Wednesday, February 9, 2011

Crowdsource-a-Mole: Adventures in Digital Archives

The Finnish National Library, like many other libraries, museums and archives around the world, is working to digitise some of their collections to make them more accessible and easily searchable. The trouble is that having a human being manually translate documents into a digital format would take a phenomenally long time, whereas computers and scanners don't have the capacity to evaluate whether what they have reproduced digitally makes sense. The vast digital collection therefore includes mistakes and anomalies, and fixing them can be time-consuming.
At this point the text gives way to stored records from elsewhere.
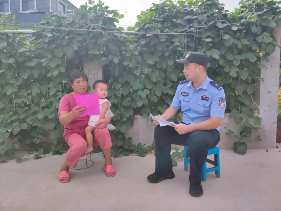 圖為9月5日,在該鄉(xiāng)劉樓村村民吳秀蓉家,縣公安局民警葉釗成正在進(jìn)行政策宣傳和問(wèn)卷調(diào)查。(記者 韋偉 通訊員 劉銘威 攝)
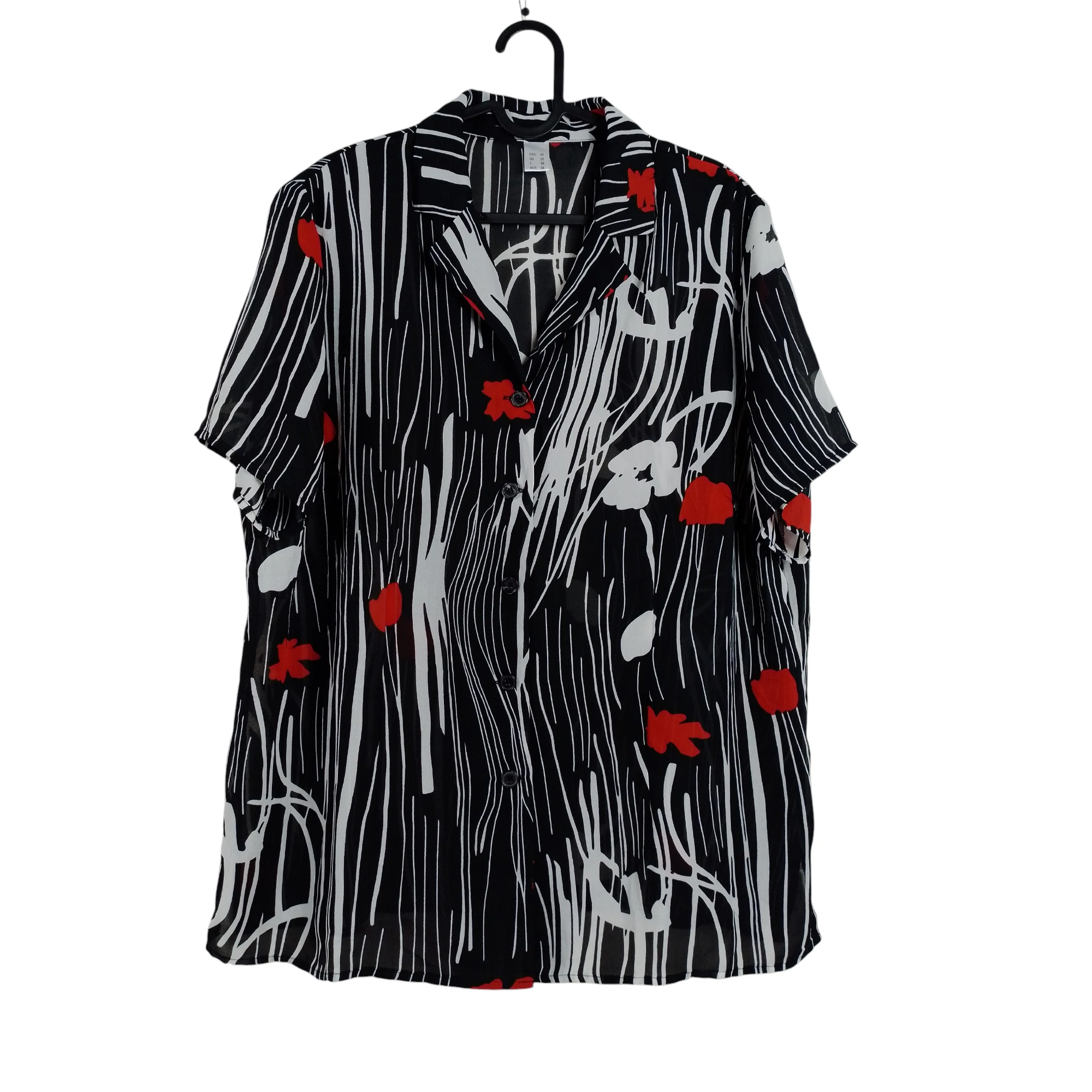 Anyagában mintás, elején gombos, áttetsző női felső
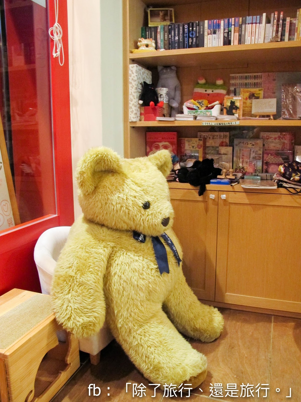 門口旁邊的櫃子也放滿了貓貓精品文具,還有大熊布偶來迎客。
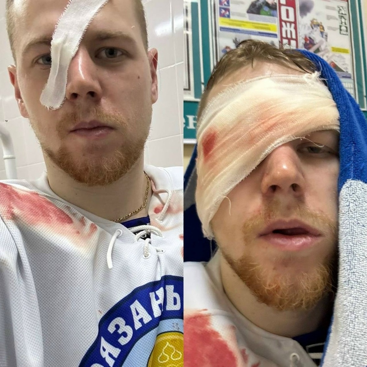 Защитник «Разяни» Аким Тришин получил жуткую травму. В матче ему прилетело коньком прямо по лицу.
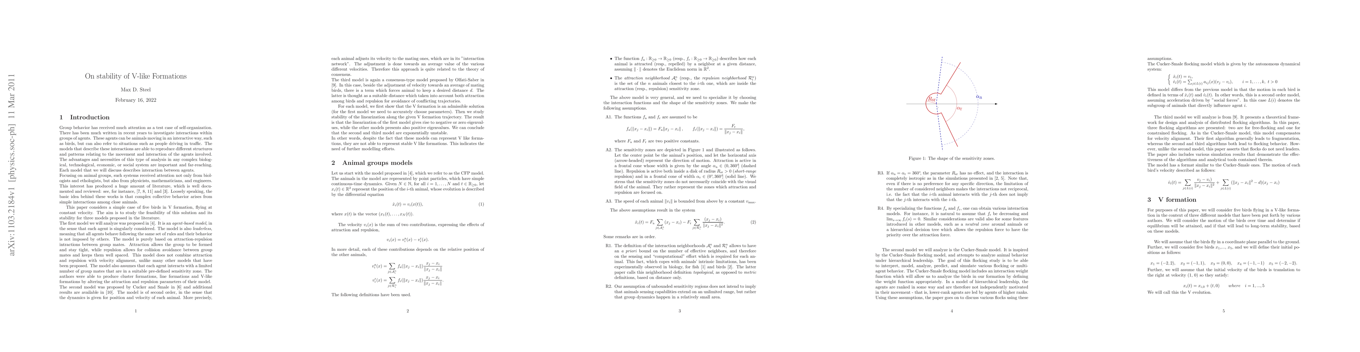 Group behavior has received much attention as a test case of self-organization. There has been much written in recent years to investigate interactions within groups of agents. These agents can be animals moving in an interactive way, such as birds, but can also refer to situations such as people driving in traffic. The models that describe these interactions are able to reproduce different structures and patterns relating to the movement and interaction of the agents involved. The advantages and necessities of this type of analysis in any complex biological, technological, economic, or social system are important and far-reaching. Each model that we will discuss describes interaction between agents.
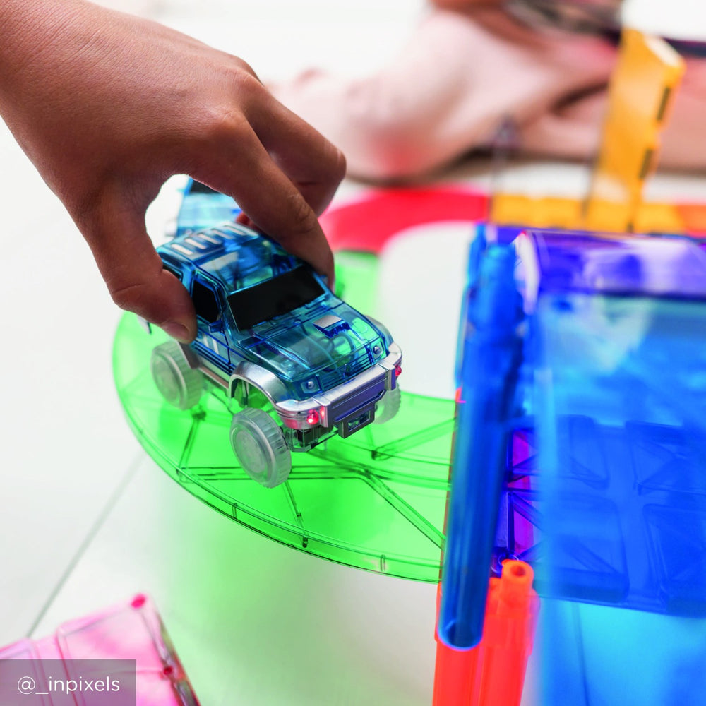 Crafted for safety and durability, the Cleverclixx Blue Race Track Car is made with robust materials suited to withstand frequent use, promising long-lasting fun and learning. Its magnetic design ensures it stays securely on the track, enhancing both safety and engagement. This toy is specifically tailored for use with the Cleverclixx Race Track, ensuring perfect compatibility and ease of use.
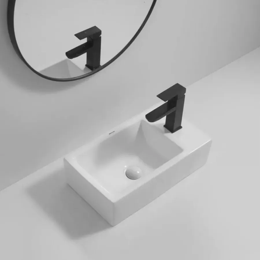 - Тип установки: накладная раковина, позволяющая легко смонтировать её на столешницу или тумбу.
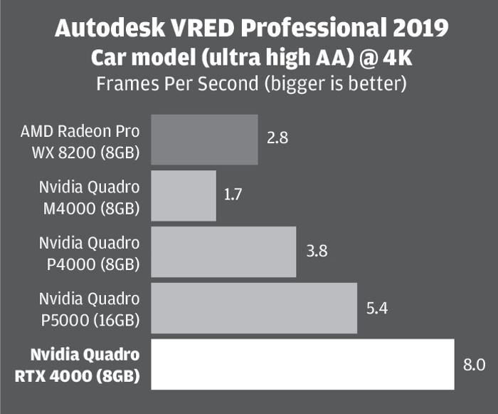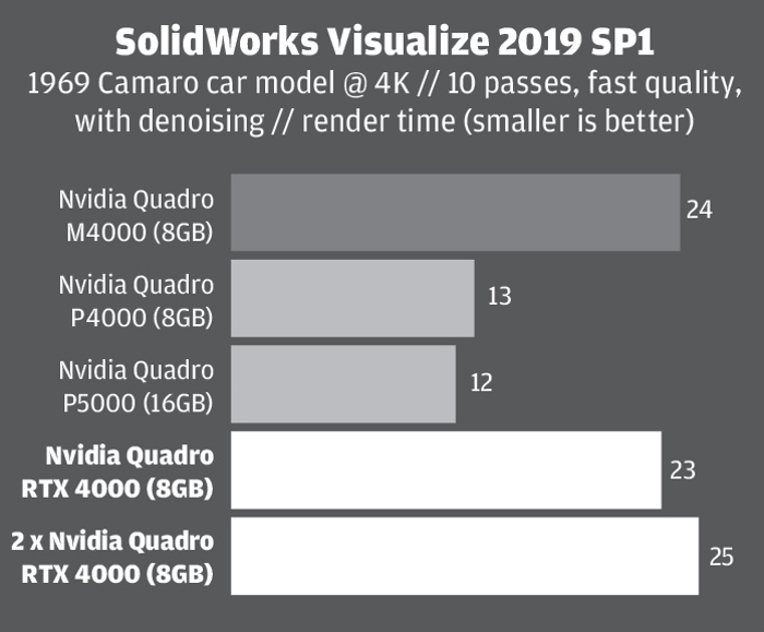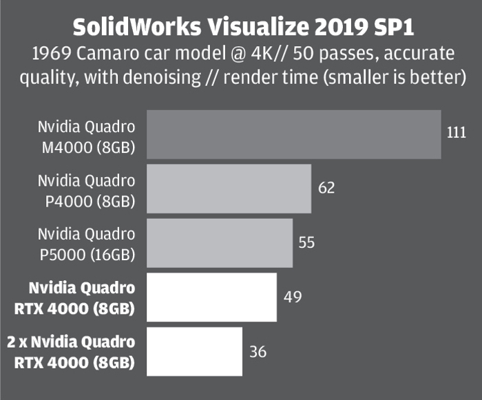 We put this to Nvidia and are still awaiting a suitable answer, but it would appear that the denoising calculations in Solidworks Visualize 2019 simply take longer on Nvidia’s Turing architecture than they do on Maxwell and Pascal. How this would impact your productivity will depend entirely on how you set up your renders in terms of passes and resolution, but it’s an important consideration as it could mean the RTX 4000 doesn’t give you as big a performance increase as you thought it might. Of course, this is a moot point if you don’t intend to use AI denoising. What’s more, everything may change in Solidworks Visualize 2020 anyway, when we imagine the software will be able to harness the Quadro RTX’s Tensor Cores for deep learning.

The library has joined forces with IT company Microtask to split the proofreading process into more managable smaller tasks, and turned to crowdsourcing to get the job done. They have developed the "thinking person's Angry Birds", two mole-themed games that gives the player single words from the collection to interpret: in one version the player has to identify whether the scanned word in an old typeface has been accurately reproduced digitally, and in another the player sees the original word and provides an accurate digitisation of it. You don't need to understand Finnish or Swedish to play, as you are basically making sure the letters in one font match the other. The games can be played here: the box on the right hand side tells you what material the words you're working on have been drawn from.

This is really very cool, and great news for all the procrastinators out there. Now you can play a quick little game and contribute to Humanities research at the same time!

(p.s. Thank you to Lise for drawing this to my attention!)

1 comment:

  1. That's also how Google's rekaptcha works as well! It transcribes a word and checks that you aren't a computer at the same time. So cool!